Compassion is the driving force behind perseverance, while perseverance is proof of deep compassion. To explain this, the Daishonin discusses the principle of "voluntarily assuming the appropriate karma." Here, the Daishonin states that his experiencing great persecutions corresponds with the principle of bodhisattvas voluntarily assuming karma and choosing to take on suffering out of a desire to lead living beings to enlightenment. And just as bodhisattvas regard undergoing suffering on behalf of living beings as a source of joy, Nichiren says he also views experiencing pain and hardship as a result of these present persecutions as a cause for rejoicing, because it will enable him to escape falling into the evil paths in future existences…

The principle of "voluntarily assuming the appropriate karma" is the logical conclusion of the Buddhist concept of transforming one's karma.
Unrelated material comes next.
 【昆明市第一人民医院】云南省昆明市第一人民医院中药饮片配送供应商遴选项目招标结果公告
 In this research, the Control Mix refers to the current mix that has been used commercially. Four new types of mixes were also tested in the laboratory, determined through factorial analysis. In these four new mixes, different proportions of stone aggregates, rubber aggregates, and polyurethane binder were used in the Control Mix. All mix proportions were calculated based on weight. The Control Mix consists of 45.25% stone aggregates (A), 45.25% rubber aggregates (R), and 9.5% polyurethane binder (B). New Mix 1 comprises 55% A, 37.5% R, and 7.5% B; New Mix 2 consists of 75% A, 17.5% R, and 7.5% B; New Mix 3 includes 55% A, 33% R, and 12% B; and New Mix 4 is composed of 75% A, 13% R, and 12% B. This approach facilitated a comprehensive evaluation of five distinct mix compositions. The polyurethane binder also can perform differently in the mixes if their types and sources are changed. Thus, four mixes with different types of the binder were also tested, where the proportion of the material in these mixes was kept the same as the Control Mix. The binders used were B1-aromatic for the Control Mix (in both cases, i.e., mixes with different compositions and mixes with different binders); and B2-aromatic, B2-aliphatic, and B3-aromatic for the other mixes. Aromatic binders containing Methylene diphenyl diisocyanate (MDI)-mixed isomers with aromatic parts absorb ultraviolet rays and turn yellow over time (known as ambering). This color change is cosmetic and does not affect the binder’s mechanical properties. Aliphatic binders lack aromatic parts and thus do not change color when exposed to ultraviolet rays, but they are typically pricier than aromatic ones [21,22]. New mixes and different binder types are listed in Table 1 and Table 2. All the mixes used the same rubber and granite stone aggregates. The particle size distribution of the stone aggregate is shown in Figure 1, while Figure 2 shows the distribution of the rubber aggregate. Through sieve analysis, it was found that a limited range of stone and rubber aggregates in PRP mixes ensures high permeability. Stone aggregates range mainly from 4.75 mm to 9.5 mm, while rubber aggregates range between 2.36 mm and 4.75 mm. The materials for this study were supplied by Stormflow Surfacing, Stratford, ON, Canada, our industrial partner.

Simply put, it represents a way of life in which we change karma into mission. Everything that happens in our lives has meaning. Moreover, the Buddhist way of life is to find and discover meaning in all things. Nothing is futile or meaningless.

Whatever a person's karma may be, it definitely has some profound significance. This is not just a matter of mere outlook. Changing the world starts by changing our fundamental state of mind, which is a key Buddhist principle. A powerful determination to transform even negative karma into mission can dramatically transform the real world. By changing our inner state of mind, we can change any suffering or hardship into a source of joy, regarding it as a means for forging and developing our lives. To turn even sorrow into a source of creativity — that is the way of life of a Buddhist.

Nichiren Daishonin teaches us this essential path through his own life and actions as the votary of the Lotus Sutra. Having a fighting spirit is itself the direct path to happiness. Only through struggles and challenges can we develop inner strength and construct truly creative lives. Also, by maintaining unwavering faith in the correct teaching no matter what obstacles or hardships
arise, we can enter the orbit of happiness for all eternity.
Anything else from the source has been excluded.